= TRY IT =
Go to the line below containing "高级感单肩斜挎小包 小香风23k凯莉包真皮菱格链条手提包2026新款" and print exactly from there through the line containing "Russian casualties are", both included. Print nothing else.

= ENTRIES SUPPLIED =
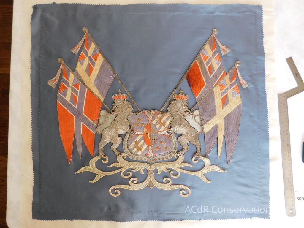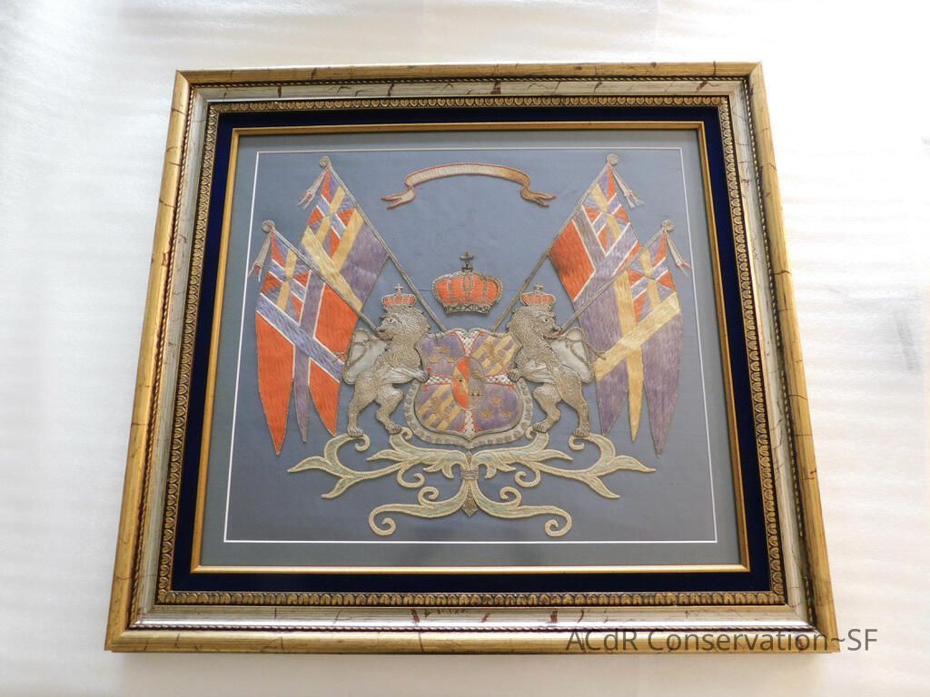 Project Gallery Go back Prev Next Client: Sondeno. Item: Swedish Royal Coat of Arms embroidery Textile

--

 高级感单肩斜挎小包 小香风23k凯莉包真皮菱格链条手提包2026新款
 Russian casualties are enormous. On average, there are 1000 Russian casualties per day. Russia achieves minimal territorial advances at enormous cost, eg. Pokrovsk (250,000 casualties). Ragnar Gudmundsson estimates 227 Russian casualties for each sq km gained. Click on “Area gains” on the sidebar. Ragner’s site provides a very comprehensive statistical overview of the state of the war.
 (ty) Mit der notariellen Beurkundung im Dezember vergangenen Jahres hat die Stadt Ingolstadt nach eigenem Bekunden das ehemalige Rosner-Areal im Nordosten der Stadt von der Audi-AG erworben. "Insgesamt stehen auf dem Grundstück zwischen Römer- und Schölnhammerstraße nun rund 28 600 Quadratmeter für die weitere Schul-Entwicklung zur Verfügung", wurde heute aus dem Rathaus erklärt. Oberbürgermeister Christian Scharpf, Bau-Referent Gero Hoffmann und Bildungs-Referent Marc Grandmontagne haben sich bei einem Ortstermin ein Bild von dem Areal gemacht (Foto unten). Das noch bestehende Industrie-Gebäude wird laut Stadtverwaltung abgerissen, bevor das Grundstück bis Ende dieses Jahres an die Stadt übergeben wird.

= ANSWER TO THIS EXERCISE =
 高级感单肩斜挎小包 小香风23k凯莉包真皮菱格链条手提包2026新款
 Russian casualties are enormous. On average, there are 1000 Russian casualties per day. Russia achieves minimal territorial advances at enormous cost, eg. Pokrovsk (250,000 casualties). Ragnar Gudmundsson estimates 227 Russian casualties for each sq km gained. Click on “Area gains” on the sidebar. Ragner’s site provides a very comprehensive statistical overview of the state of the war.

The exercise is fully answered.